Once again relying on Withnail star Richard E. Grant to help drive the story and carry the film, and Robinson chose wisely. Just as in Withnail, Grant is riveting and mesmerizing in his role as the cynical and ultimately overstressed advertising executive Denis Dimbleby Bagley. But Robinson’s film, which is intended to be a black comedy exposing the ills of our modern capitalist society, quickly goes astray, only staying interesting because of Grant’s perfect performance.
Bagley is a sleazy ad man who’s struggling to come up with a campaign for an innovative new pimple cream. His creative block gets him so stressed out that it begins to take a toll on his marriage and manifests itself physically in the form of a giant boil on his shoulder. But Bagley really begins to lose it when he starts believing that the boil has grown an eye and is turning into a second head, a talking head, sentient and offering up advice.
Where Robinson goes wrong with his darkly-tinged humor in this film is crossing the line between metaphor and literal. At first we are along for the ride, accepting that Bagley is in the throes of a breakdown, overstressed and manifesting some delusion. Later on, however, Robinson seems to be taking this talking boil thing quite seriously, like some sort of B-grade sci-fi flick. The idea of a boil come to life and driving the actions of a raving, callous advertising executive becomes too hard to accept.
Rachel Ward is quite lovely as Denis Bagley’s upper middle-class wife who would rather ignore his decline, his ruthless behavior toward her friends, and less than honest means of making money in order to maintain appearances and comfort. Richard Wilson is also quite good in the role of Bagley’s strict and equally contemptible boss.
How to Get Ahead in Advertising is being released in the Withnail & I Limited Edition and Special Edition collections by Arrow Video.
Arrow lists How to Get Ahead in Advertising as being “newly transferred from original film elements and approved by director of photography Peter Hannan,” this is slightly different from their listing for the companion, main feature that this film accompanies in this set, where it specifically states “New 2K restoration of WITHNAIL and I from the original camera negative, supervised and approved by director of photography Peter Hannan.” Whatever the provenance of How to Get Ahead in Advertising, it looks good in this new restoration, and perhaps owing to a better production to begin with, looks better than Withnail in this AVC/MPEG-4 1080p encodement on Blu-ray. Grain is present, but far less intrusive, shadow nuance is better and more extended, colors look a little more natural, and detail is stronger still.

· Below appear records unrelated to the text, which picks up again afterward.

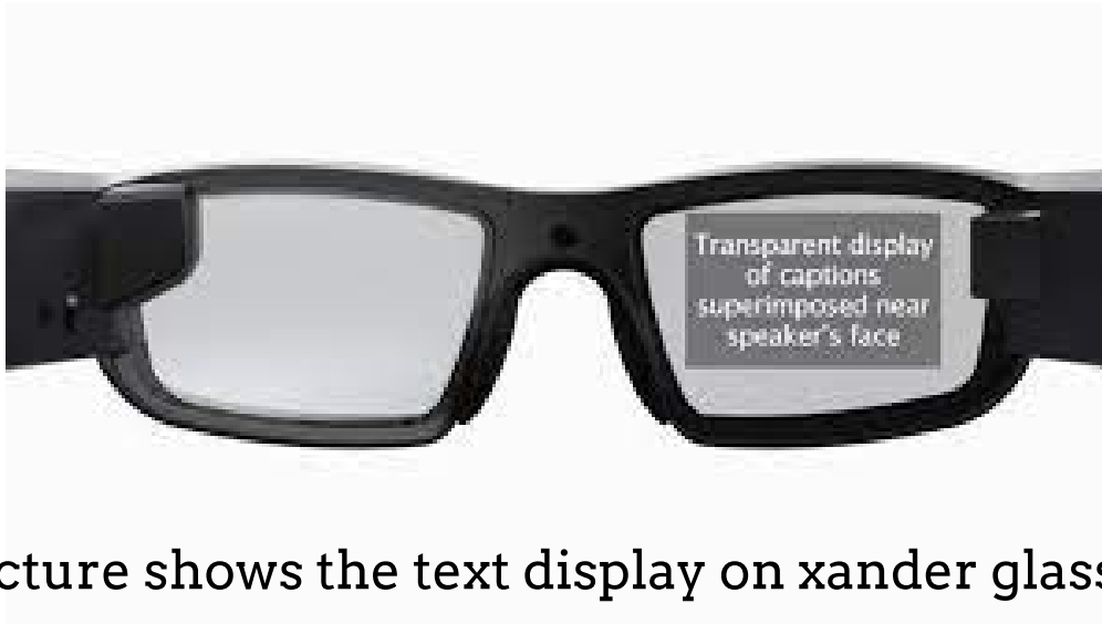
Picture shows the text display on xander glass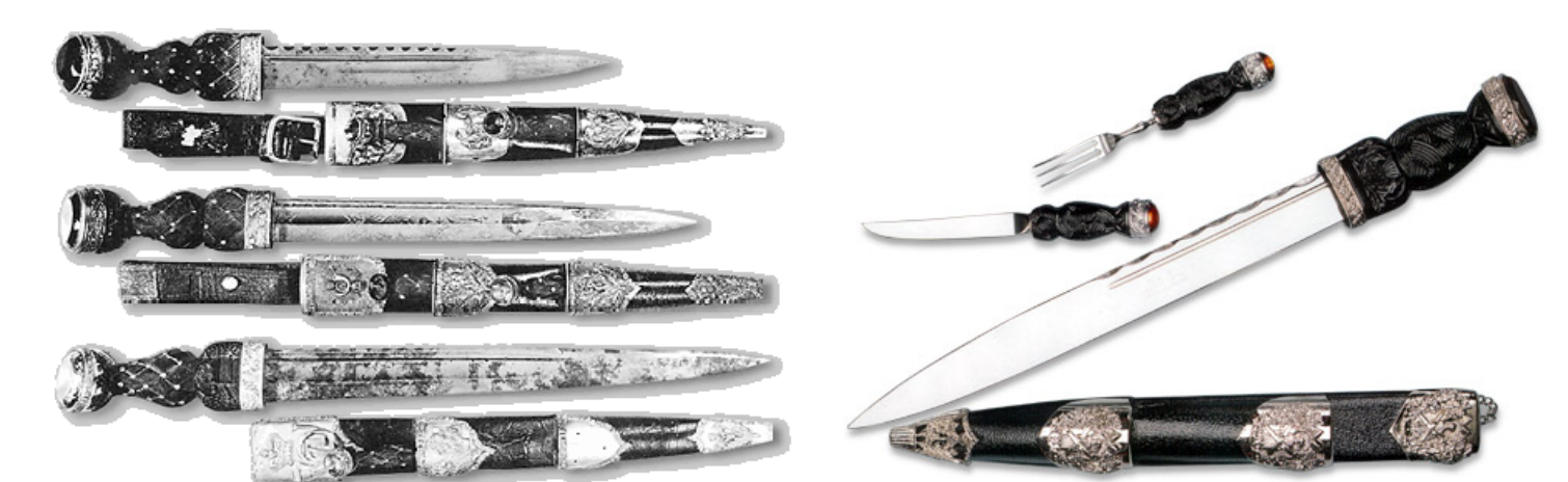
19th Century Scottish Dirks 8" 10" & 111/2" blades with eating knife and fork.

In its early days in Scotland and Ireland the Dirk was considered to be a sword. Its blade length and style varied, but it was generally 7-14 inches. However, the blades of Irish versions often were as much as 21 inches in length. In medieval Scotland, the dirk was a backup to the broadsword, and was wielded by the left hand while the shield was carried on the arm. Dirks were used to swear an oath upon in Celtic cultures. Nearly every Scottish male at the time of the oath had a dirk. This was because most Scots were too poor to buy a sword. The dirk was small and was carried everywhere the owner went. The dirk was worn in plain view suspended from a belt at the waist. In addition other styles of dirk were worn on land and sea. Easier to carry than swords, dirks gained favor as lighter and shorter side arms with many military and naval officers during the 17th through 19th centuries. In the British Royal Navy they continued to be worn by midshipmen and cadets well into the 20th century. Numerous examples of naval dirks have survived from the age of sail, some with histories of use during naval engagements. Dirks can have single-edged blades that may also have an edge near the tip, a feature that was useful in a back cut, others are double-edged. There was no standard blade configuration.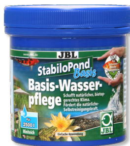
JBL StabliPond Basis Basic care product for all garden ponds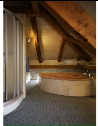
Powered by EXPOSE 7 www.node.de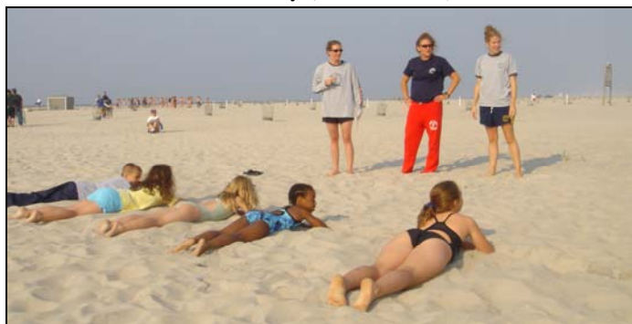
Last years' Juniors learning the art of Beach Flags

How to Get Ahead in Advertising comes with a LPCM 2.0 Stereo (48kHz/24-bit) soundtrack on Blu-ray that is good, but not great. While the dialogue is clean and intelligible, some of the music, sound effects, and stereo imagery could use a bit more clarity and also a little less sparkle on the high end.
- Interview with Michael Pickwoad (1.78:1; 1080p/24; 00:10:11) – Production Designer Michael Pickwoad recalls his work on How to Get Ahead in Advertising in an interview recorded in August 2014.
- Theatrical Trailer (1.33:1; 1080p/24; 00:01:53)
The Definitive Word
How to Get Ahead in Advertising, the follow-up to Withnail and I, is nowhere near as successful or as funny, but it is dotted with some quality performances that are still a joy to watch, especially from leads Richard E. Grant and Rachel Ward, and as a companion piece it perhaps deserves a reexamination.